Building a COI database from BOLD references

Nicholas_Bokulich · February 8, 2023, 6:21am

An off-topic reply has been split into a new topic: Using BOLD database

Please keep replies on-topic in the future.

lizgehret · June 4, 2023, 10:41pm

An off-topic reply has been split into a new topic: error while using rescript

Please keep replies on-topic in the future.

PanZhu921 · June 7, 2023, 10:22am

Hello, I use primers from “ An improved method for utilizing high-throughput amplicon sequencing to determine the diets of insectivorous animals”, and I find that you use different reverse primers. One is 5 '- GGWACTAATCATTTCAAATCC-3', and your is 5 '- ggatttggaaattgagtwcc-3'. Can I use the "bold_anml_classifier. qza" classifier provided by you for taxonomy annotation.Is that work?
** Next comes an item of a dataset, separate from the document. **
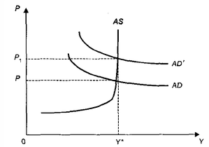 Рис. 1.2. Рост уровня цен под влиянием увеличения совокупного спроса при полной занятости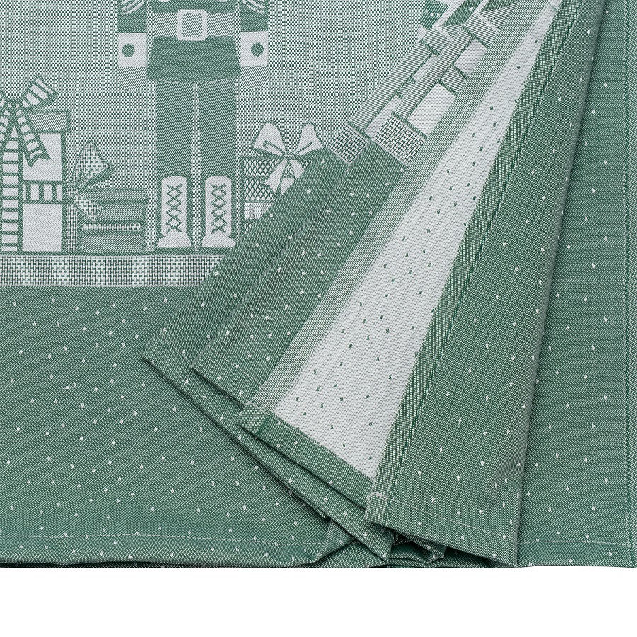 "Скатерть из хлопка зеленого цвета с жаккардовым , ,рисунком Щелкунчик из коллекции New Year Essential украсит праздничный новогодний стол и внесет разнообразие в повседневную зимнюю сервировку. Новогодняя сказка, любимая всеми с детства, стилизованная в оригинальном дизайне скатерти, органично впишется в любой современный интерьер. Модель выполнена из плотного хлопка - прочного материала, который хорошо впитывает влагу и не деформируется после множества стирок.

SoilRotifer · June 8, 2023, 4:46pm

Hi @PanZhu921,

I would not suggest doing this, as the primer sequences can affect how these amplicon regions are extracted from the sequence reference database. Potentially affecting your ability to classify your reads appropriately.

I would use your own primers to extract the amplicon region. You can also supplement parts of the BOLD tutorial, with this tutorial.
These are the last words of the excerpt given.